Hi, I lived in Sydney for a few years and now I'm moving to Singapore. Sydney is very expensive, especially when you have children TRUST ME. My advice would be to find out what exactly is your budget ASAP!! Now you have to realize that there are many parts of Sydney (way too many to name). Of course living close to the city would be pricier so just keep that in mind. Find a ball park figure and get back to us and yes I also know a few places where your kids can continue their Japanese lessons. 

No Worries,
Kim


----------



## jentravels

*Middle Class in SG*



Gadgetfx said:


> All
> 
> I am either going to move to Sydney or now recently there is a chance it may be Singapore.
> I have a few questions since I am already pretty much prepared for Sydney research wise.
> 
> 1, I have a family of 3 kids and 2 dogs - what areas no more than 45mins from the City Financial institutions would you recommend?
> 
> 2, Would my 7yr old and 4 year olds be able to go to public schools and how easy would it be to get them in?
> 
> 3, Does anyone have any sites for renting in Singapore?
> 
> 4, What would be a good household salary to have in Singapore?
> 
> 5, How much and long is the quarantine from Japan to Singapore?
> 
> 6, Are there Japanese communities and schools as I would like my kids to continue to study Japanese.
> 
> I am sure I will have many more questions - any advice would be appreciated.
> 
> Thanks
> G



As other replies have stated, the cost of living varies. My family lives in the west, where there are not a lot of western expats, but we are very close to the MRT (in walking distance), which means we can go anywhere we want to go pretty easily. We live in a fairly new condo. Our 3 bedroom unit on a high floor - fully furnished - rents for $4400. There was a dip in the economy when it came time to renewing our lease, though, and our landlord lowered our rent in order to keep us. He knew we were looking for something a little bigger and that we were finding lower prices, so he dropped our rent to $3600. We aren't stupid. We've heard lots of horror stories about horrible landlords, so after weighing everything we decided to stay where we are.

We have a swimming pool, basketball, tennis courts, putting green, reflexology foot path, badminton, etc. All of it was great for the kids for about two weeks, but then they got bored with it. Go figure.

Unless you can find exactly what you are looking for on short notice, you may look into getting a serviced apartment. They are available on a short-term lease and will allow you to spend more time finding the perfect place for your family without feeling rushed into committing to something. It's something I wish we had done. We were given one weekend to find the condo we were going to spend the next two years in. That two years has turned into 3 1/2 years now and I wish we had done the serviced apartment thing and looked around. Lesson learned, I guess.

You will also find that looking for a condo is not as easy as you'd think. You have to deal with an agent who will take you around and show you the units. They do not have access to every single unit on the island, though, and they may only be familiar with one part of Singapore. Our agent didn't know the west side very well, and that's the ONLY thing we knew -- was that we wanted to live in the west near my husband's jobsite.

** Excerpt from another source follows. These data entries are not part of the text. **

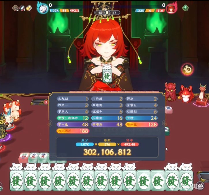 因为马面靠“狐灵”,能胡很多次“天下大同”,也就是一把合起来能达到“上千番”。我们只需要提升:“底分”和“倍率”。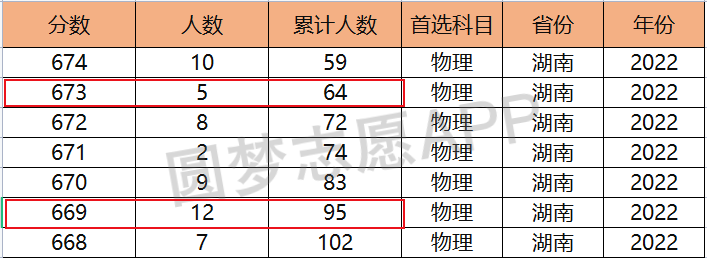 其中“累计人数”就是2022年该分数在湖南省高考中的全省最低排名,“人数”就是该分数在2022年湖南高考中的同分人数。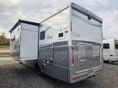 The perfect couples coach or for a family of three or four! You will be able to easily set up the queen Murphy+ bed when it's time for bedtime while the kids or your guests sleep on the 49" x 75" cabover bunk. You can also choose the optional low profile front cap with storage if you do not need the added sleeping space. Everyone can get cleaned up in the full bathroom that has a space-saving sliding door and large wardrobe along the very rear that features a gear garage below. Create yummy meals and snacks using the kitchen appliances and the flip-up counter, then dine at the fold-down table with chairs or eat seated on the theater seating with lap tables nearby on either side.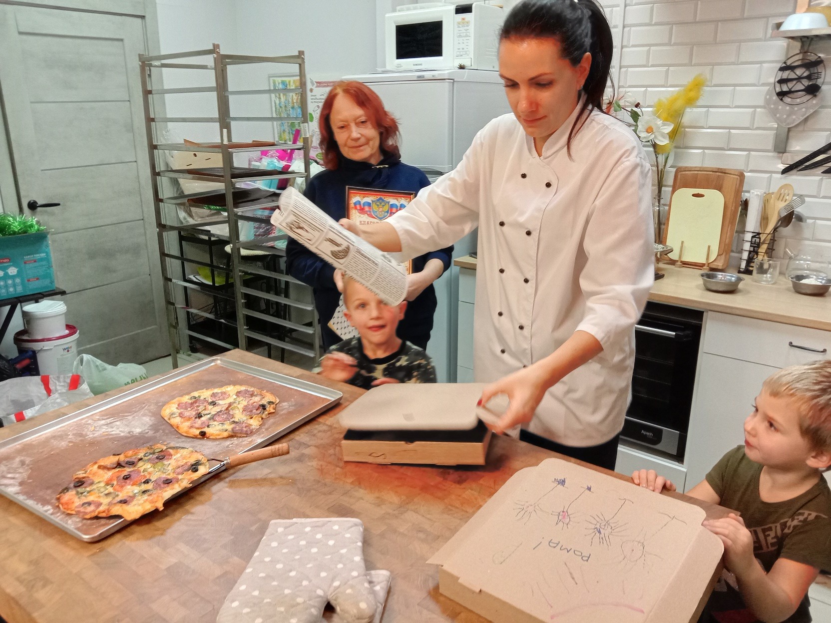 В завершении мастер-класса ребята сложили приготовленные пиццы в коробки, собственноручно оформленные рисунками.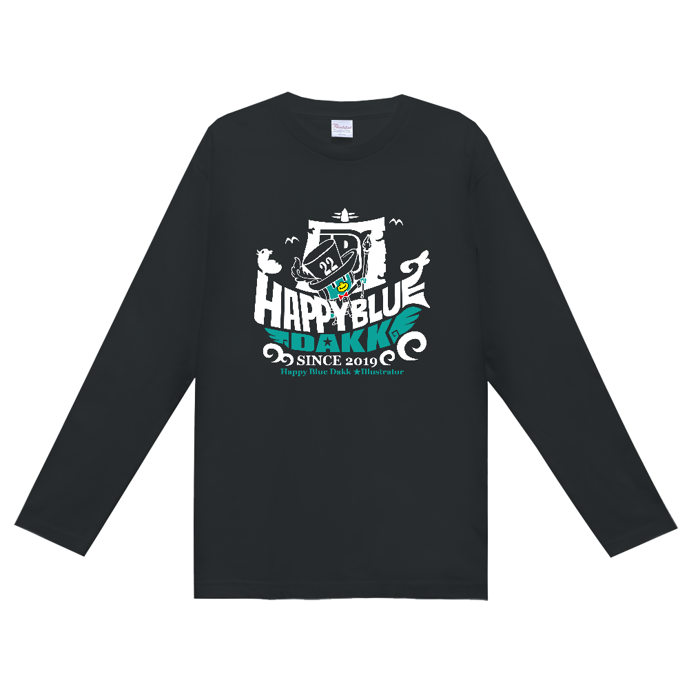 世界を渡るHAPPY BLUE DAKK船 ダックブルー黒シャツ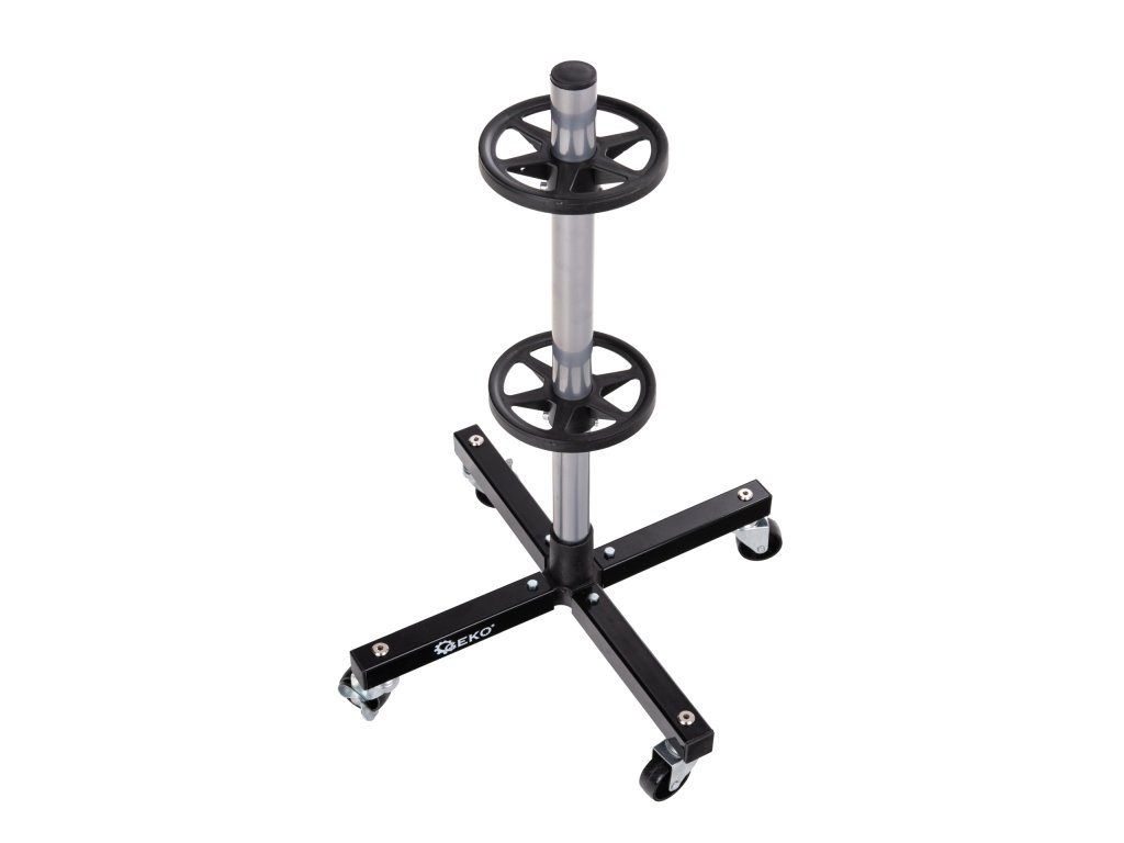 Praktický stojan pro automobilové dílny, garáže a automobilové nadšence, kteří potřebují pohodlné a stabilní místo pro uložení a údržbu kol vozidel. S přiloženými kolečky, včetně dvou s brzdou, se nářadí stává snadno přemístitelným, což usnadňuje jeho použití a manévrovatelnost i v omezených prostorech.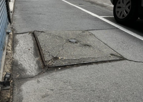 Trafficom-os fedlap lyukas (BKV forgalomirányító cége anno) a Szemere utcában.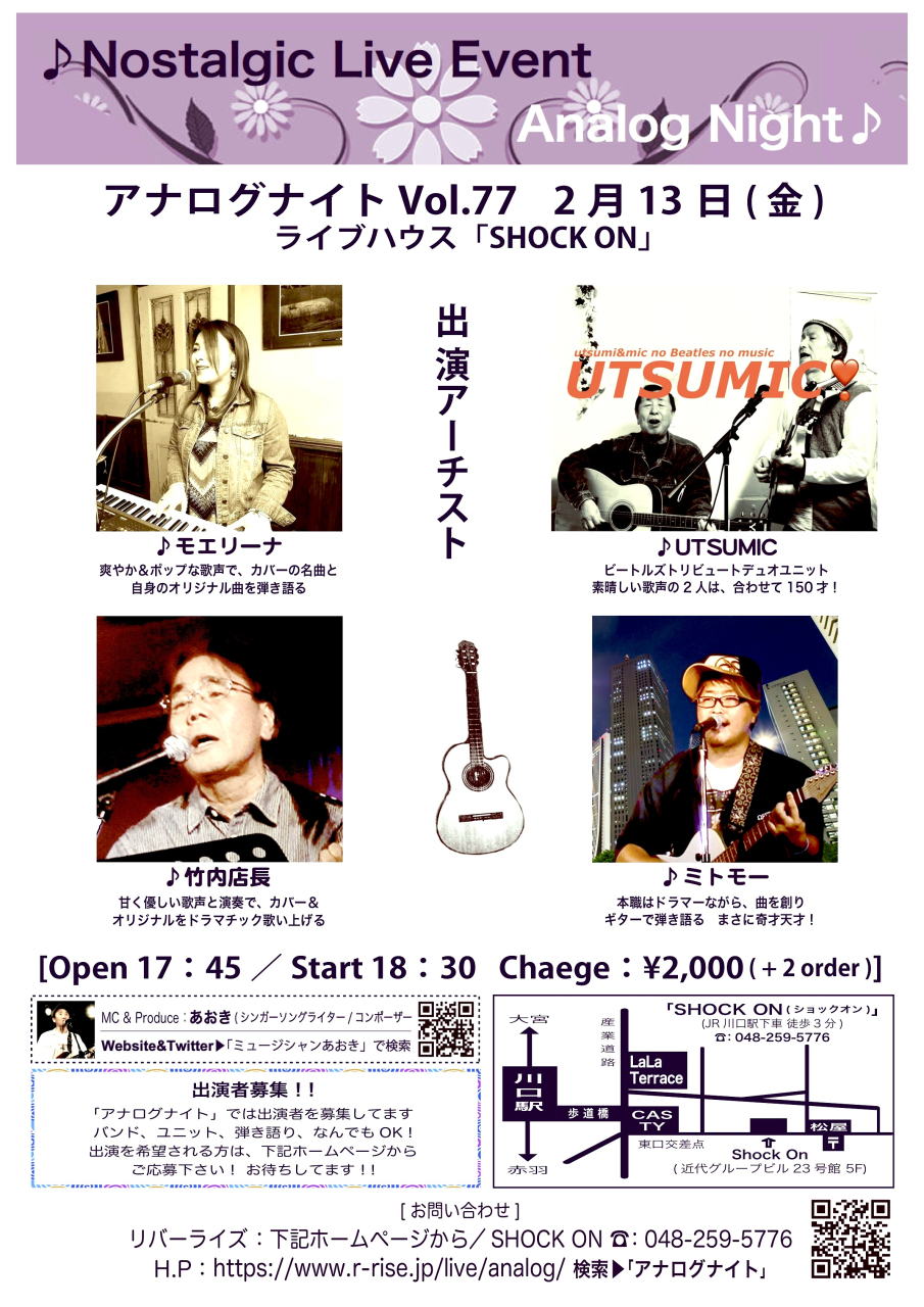 【※12月10日21時よりメール予約受付開始】【ゲネプロ】「晃バレンタイン・ライブ」 Charge¥3,000(税込) 【※12月10日22時よりメール予約受付開始】【本番公演】「晃バレンタイン・ライブ」 Charge¥7,000(税込) |
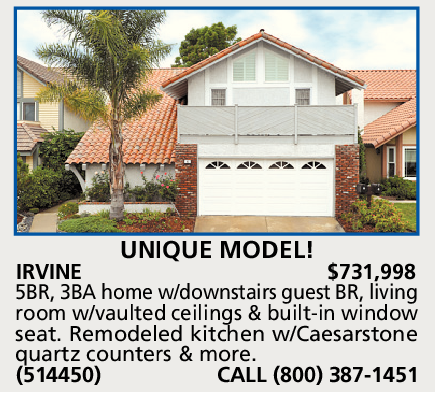 IRVINE $731,998 5BR, 3BA home w/downstairs guest BR, living room w/vaulted ceilings & built-in window seat. Remodeled kitchen w/Caesarstone quartz counters & more. (514450) CALL (800) 387-1451
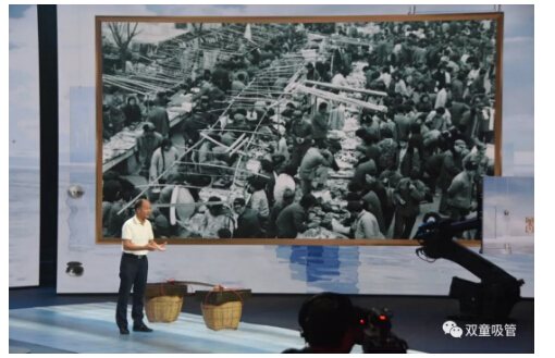 在節(jié)目現(xiàn)場(chǎng),“雙童”樓仲平也帶來(lái)了許多精彩的照片。其中,開(kāi)場(chǎng)照片便是義烏這座城市的對(duì)比照片。通過(guò)挑貨郎與義烏小商品城開(kāi)展全球電商的照片對(duì)比,樓仲平講述了義烏如何從貧瘠落后的小縣城發(fā)展為全球最大的小商品集散中心的故事……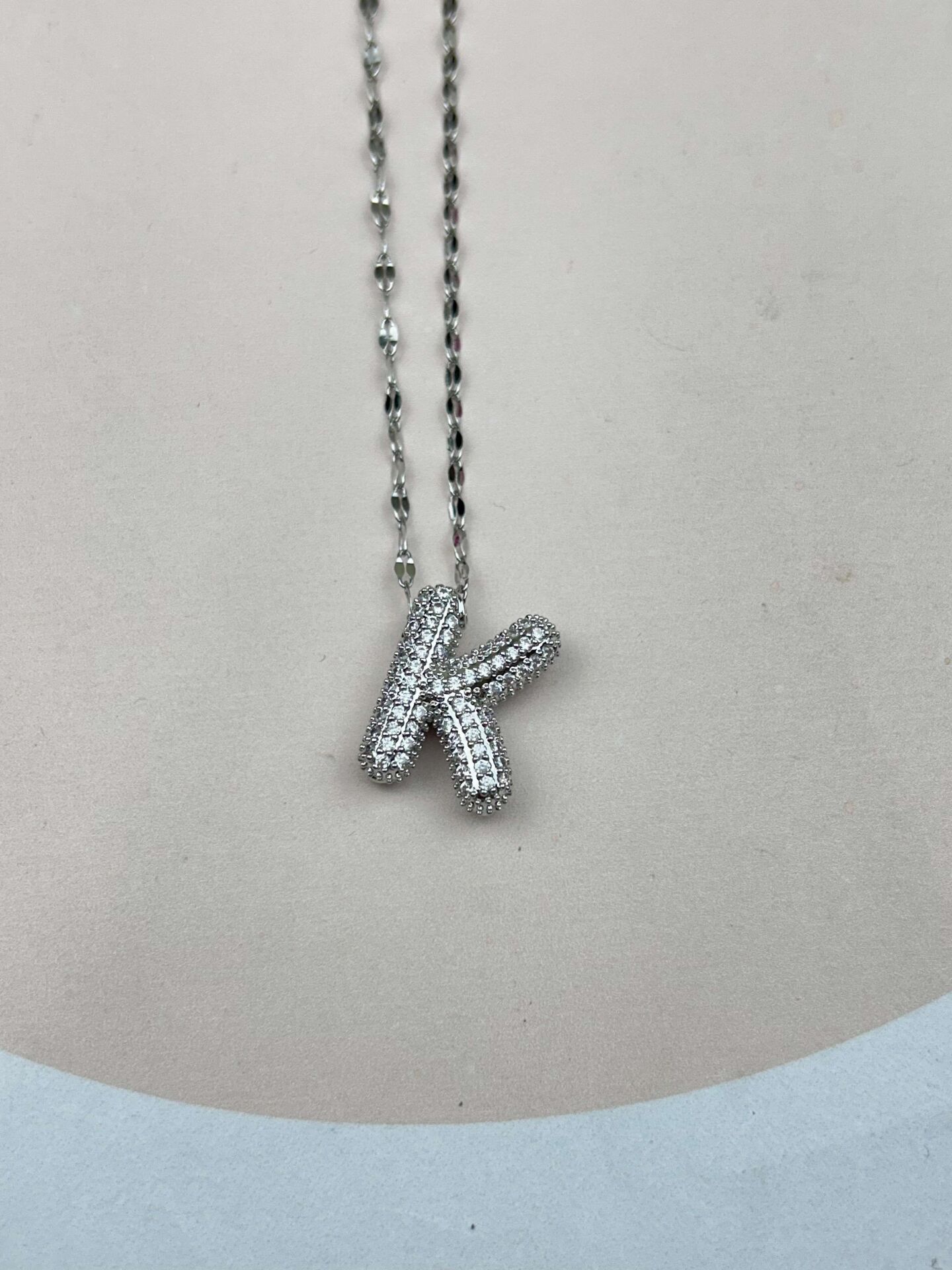 Çelik Silver Taşlı Balon Harf Kolye 45cm (K) // KOLYE-3567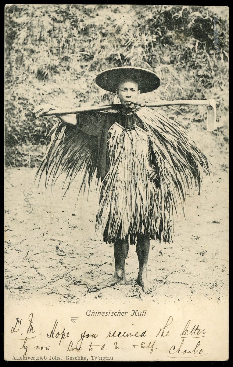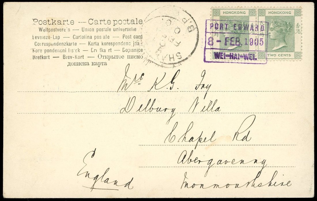 1905 (8 Feb,) picture post card to Abergavenny bearing pair of Q.V. 2c. green tied by a fine strike of the boxed type F datestamp in violet with Shanghai B.P.O. c.d.s. alongside. Clean and fine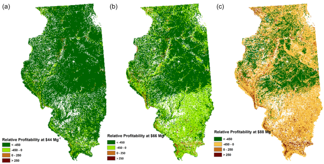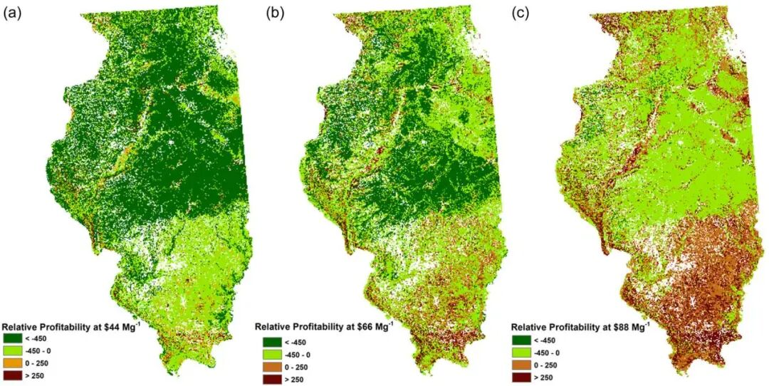 Figure 4:Profitability of switchgrass ($ ha−1) compared to corn at three billion‐ton report prices of (a) $44 Mg−1, (b) $66 Mg−1, and (c)$88 Mg−1
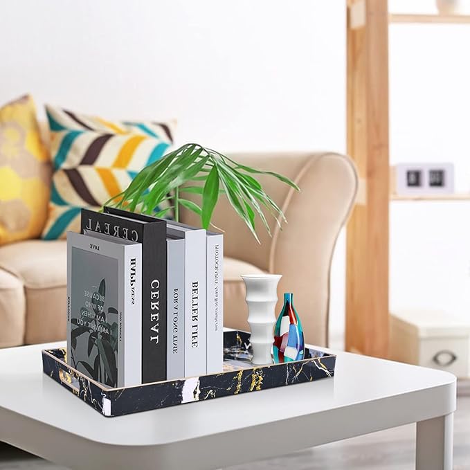 - 【Multipurpose Serving Trays】Designed for display and storage, this black marble serving tray can be used as a decorative tray, makeup tray, jewelry tray, service tray and desktop organization tray.This serving tray can also be used as a storage box for small items such as keys or TV remote controls. Also perfect for serving snacks, breakfast lunch or dinner.

About local schools -- yes, it's easy enough to get into local schools. They offer a test once a year (around September, I think) for international students. That test lets the MOE know where your child fits and they will place them accordingly (grade level). You will be allowed to choose a school so long as there is an availability. We are actually going through this process now. My daughter wants to transition to local school. The thing is, the test isn't exactly next week. So the MOE told me to contact the schools directly to see if they have openings. If they do, my daughter can take the test at the individual schools to see where she places and we go from there. It's also much cheaper than international school and doesn't come with the miles-long waiting list. Right now we are doing distance learning/homeschool, and quite honestly, I'm excited to get her into a local school.

I think the quarantine for your dogs is a month now, if I'm not mistaken.

There are a lot of things I am still finding out after living here 3 1/2 years -- things that make me say, "Why didn't anyone tell me this before I came here/when I got here?" Thing is, you just sometimes don't know which questions to ask.

I guess some of the advice I'd give is:
Live near an MRT or busy bus stop if possible
It would be great to also live in walking distance to a Cold Storage or NTUC/Fairprice Extra, but not really necessary since if you are good at planning, they *do* deliver your groceries for a very nominal fee.
If possible, get a car. It really is possible to get around without one, but there are times you really wish you had one. Next best thing would be renting one when you really need one, I guess.
If you, your wife or children are of "average" size in the western world, you may want to bring clothes with you. Of course, Japan was the same way when I was living there, and I think I read that you are in Japan now, so you'd be used to this anyway if it were a concern for you. I'm not a large woman, but there are very few places for me to shop for clothes here.
Get an unfurnished apartment and buy your own furniture instead of opting for the fully furnished stuff.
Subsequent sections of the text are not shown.